Dicho esto, la naturaleza no es la única responsable del subsiguiente caos urbano que experimentó Cúcuta por 15 días. Al igual que en el resto del territorio nacional, la actual temporada de lluvias constituye una emergencia anunciada. Si bien la empresa de acueducto no controla el lodo y las partículas de los caudales, lo mínimo que se espera es el despliegue de efectivos planes de contingencia en coordinación con las autoridades municipales.

No obstante, la respuesta del operador privado y de la Alcaldía local no ha estado a la altura del desafío. Es inconcebible, y hasta irresponsable, dejar un área metropolitana de casi un millón de personas sin suministro del líquido vital.

Los días pasaron sin el servicio básico y el desespero de los cucuteños fue en aumento.

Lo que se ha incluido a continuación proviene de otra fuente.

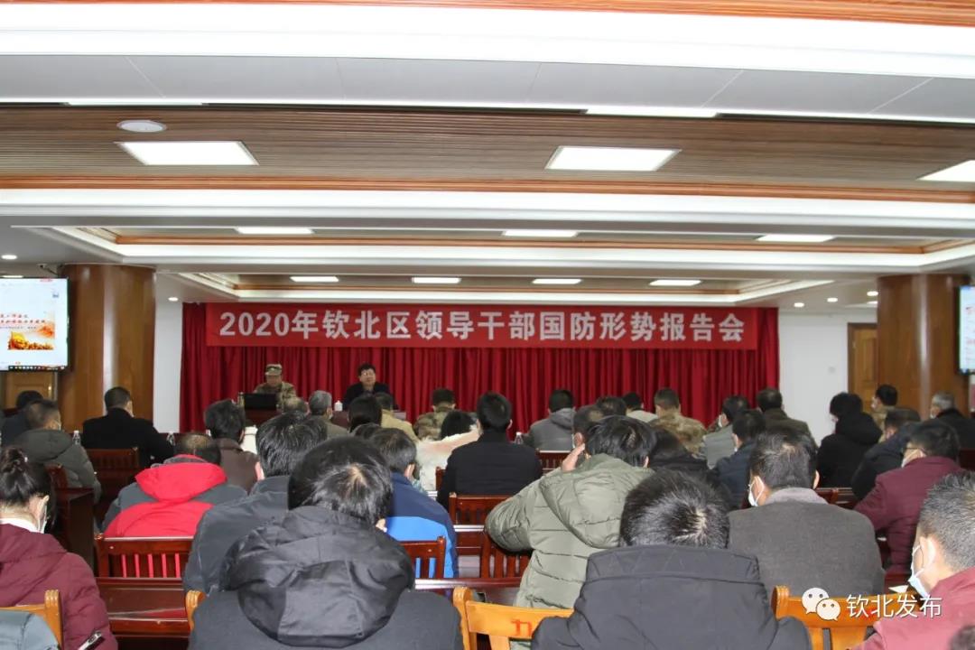 12月18日,钦北区领导干部国防形势报告会在区行政信息中心三楼中厅会议室召开。区人武部政治委员商红涛出席会议。

Las clases en los colegios, así como cirugías en los hospitales públicos, se suspendieron y los bomberos no contaban con el fluido para responder ante un incendio.

A la escasez de alimentos por el aislamiento se sumaron encendidas protestas callejeras, quema de recibos y hasta la perforación artesanal de tuberías por parte de sedientos ciudadanos. La combinación de un Gobierno central acosado por múltiples emergencias y una administración local sin el suficiente liderazgo dejó a cientos de miles de habitantes en una crisis sanitaria sin antecedentes.

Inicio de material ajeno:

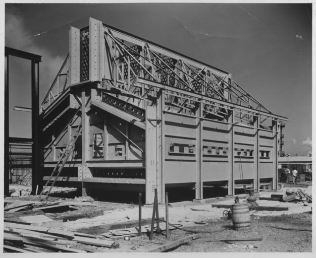 | Keywords: steel steel industry steelindustry steel construction steelconstruction construction industry constructionindustry construction equipment constructionequipment buildings blackandwhite monochrome photo border outdoor architecture black and white Photograph of a Crown Central Petroleum Corporation heater under construction. The structure was built by Alcorn Combustion Company out of Philadelphia, Pennsylvania, with materials provided by John Dollinger Jr., Inc. Scattered construction materials and steel beams are located throughout the site. A ladder is leaning against the left side of the structure. Several men are standing near a building in the far right background. Photograph of a Crown Central Petroleum Corporation heater under construction. The structure was built by Alcorn Combustion Company out of Philadelphia, Pennsylvania, with materials provided by John Dollinger Jr., Inc. Scattered construction materials and steel beams are located throughout the site. A ladder is leaning against the left side of the structure. Several men are standing near a building in the far right background. |

Claramente, el colapso del sistema de acueducto de Cúcuta recoge ineficiencias del pasado. Además, el desdén por la protección de las cuencas de los ríos incrementa el lodo en los caudales y lleva a preguntarse por la vigilancia de las autoridades ambientales. Sin embargo, lo anterior no exime a Aguas Kpital de la debida planeación para la emergencia ni a la alcaldesa María Eugenia Riascos de no haber asumido su papel de líder de la ciudad.

Aunque la sed fronteriza está empezando a saciarse ante el restablecimiento del suministro, la situación está lejos de la normalidad. La visita del Ministro de Transporte debería generar salidas al aislamiento vial. Igualmente, la declaratoria de emergencia social por parte del gobernador del departamento es un llamado a Bogotá para prestar más atención a la región.

La sequía en Cúcuta debe disparar las alarmas en otras ciudades del país con acueductos vulnerables, entre ellas Bogotá, que ya anunció cambios en el color del líquido. La prevención del invierno debe incluir la protección de los más básicos sistemas urbanos, cuyo funcionamiento damos por sentado.